A day before Kumari's killing, six villagers were shot dead by suspected Tigers while tilling a field in Gomarankadawela, a remote village, north of Trincomalee.

The butt and barrel

This was not the first time in Sri Lanka's bloody history that civilians living in villages bordering areas controlled by the LTTE were provided with fire-arms.
After attacks on Sinhalese villages following an outbreak of ethnic clashes in 1983, an act was passed in Parliament in 1985, known as the Supplementary Forces Act.

It allowed a volunteer force from villages to enroll and train to guard their own villages, and thus the institution of a 'home guard system.' As violence spiked, civilians in villages where there were no border guards were also issued shotguns.

However, with the exception of some sporadic incidents, post 1990 violence on border villages plummeted and there was no distribution of fire-arms to villagers, according to a senior police official in Trincomalee, who requested anonymity.

That changed two weeks ago. Some police stations in the eastern region had shotguns that were distributed shortly after the attacks. Some were rusty but still could be used. Police said 210 guns were distributed in the Serunuwara area. Some 800 other guns were flown to the east from stocks in Colombo.

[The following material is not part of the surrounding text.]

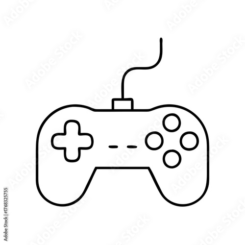 A black and white line drawing of a video game controller with a cord, isolated on a

The security forces used a village network and peace committee system to pass the word around.

"Civilians have been given guns for protection during cultivation and also to protect themselves," Police Chief Chandra Fernando told The Sunday Times.

He declined to say if there was a fresh large scale distribution in recent weeks, but said there was an increase in home guard recruitment, deployment and villagers had been provided with sirens. Police posts were also increased in border villages.

"Earlier we had to protect the villagers against four-legged animals, now we have to protect them from two-legged animals," Mr. Fernando said.

Asked why Tamil border villages were not similarly armed, the police chief said, some Tamil villages were, but could not immediately name them. He said more Security forces personnel had been deployed along with sirens.

However, he pointed out that there was a danger of the LTTE mingling with these villagers and intimidating them to hand over the weapons.

"This would amount to us arming the terrorists," Fernando said.

The LTTE for months have been systematically training Tamil civilians for what they call, the final war.

"In a way, these innocent Tamil are caught in between," he said. "The LTTE is using the Tamils they say they are protecting, as a platform to attack Sinhalese villages."

Crucible of war

Evidently, these tit-for-tat attacks were among several that have soared in recent weeks, polarizing communities as the 2002 cease-fire appears to be all but non-existent.

Sinhalese villagers are either packing-up and moving to what they consider safer spots or looking for some temporary respite by huddling together for the night in a few homes close to a military camp.Tamil villagers seem to be moving out in droves.

However, both communities seem to agree on one aspect. This was the first time in 16 years that the communities were being so sharply torn apart amid increasing fears that a war was inevitable.